Extracted entries =>
[Start of section]

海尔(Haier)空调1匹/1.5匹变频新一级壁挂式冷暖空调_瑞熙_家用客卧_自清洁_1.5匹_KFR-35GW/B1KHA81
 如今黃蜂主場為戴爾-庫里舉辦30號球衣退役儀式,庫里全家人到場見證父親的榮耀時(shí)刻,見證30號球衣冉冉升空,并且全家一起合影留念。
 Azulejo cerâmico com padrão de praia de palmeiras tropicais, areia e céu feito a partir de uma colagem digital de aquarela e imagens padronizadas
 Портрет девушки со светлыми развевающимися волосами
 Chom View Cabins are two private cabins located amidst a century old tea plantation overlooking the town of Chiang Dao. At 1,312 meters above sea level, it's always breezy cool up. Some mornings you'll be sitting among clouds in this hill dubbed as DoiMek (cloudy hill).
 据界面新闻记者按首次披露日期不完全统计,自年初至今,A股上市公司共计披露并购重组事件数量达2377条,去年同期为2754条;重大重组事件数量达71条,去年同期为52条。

[End of section]
[Start of section]

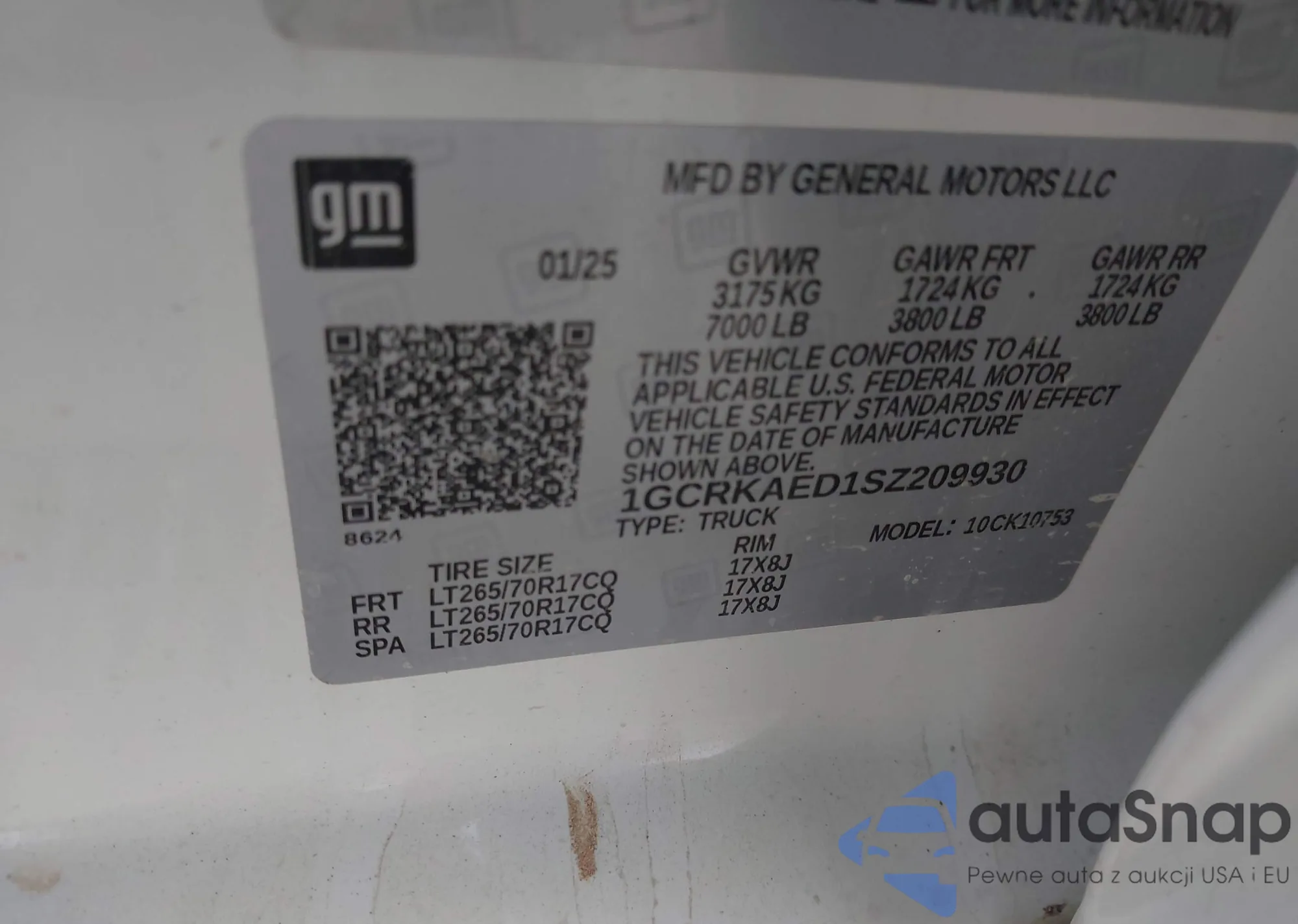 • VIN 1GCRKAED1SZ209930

[End of section]

Exercise brief => Set down, unchanged, only those lines above that fall between the line with "如今黃蜂主場為戴爾-庫里舉辦" and the line with "据界面新闻记者按首次披露日期", the two end lines included.

Task result =>
 如今黃蜂主場為戴爾-庫里舉辦30號球衣退役儀式,庫里全家人到場見證父親的榮耀時(shí)刻,見證30號球衣冉冉升空,并且全家一起合影留念。
 Azulejo cerâmico com padrão de praia de palmeiras tropicais, areia e céu feito a partir de uma colagem digital de aquarela e imagens padronizadas
 Портрет девушки со светлыми развевающимися волосами
 Chom View Cabins are two private cabins located amidst a century old tea plantation overlooking the town of Chiang Dao. At 1,312 meters above sea level, it's always breezy cool up. Some mornings you'll be sitting among clouds in this hill dubbed as DoiMek (cloudy hill).
 据界面新闻记者按首次披露日期不完全统计,自年初至今,A股上市公司共计披露并购重组事件数量达2377条,去年同期为2754条;重大重组事件数量达71条,去年同期为52条。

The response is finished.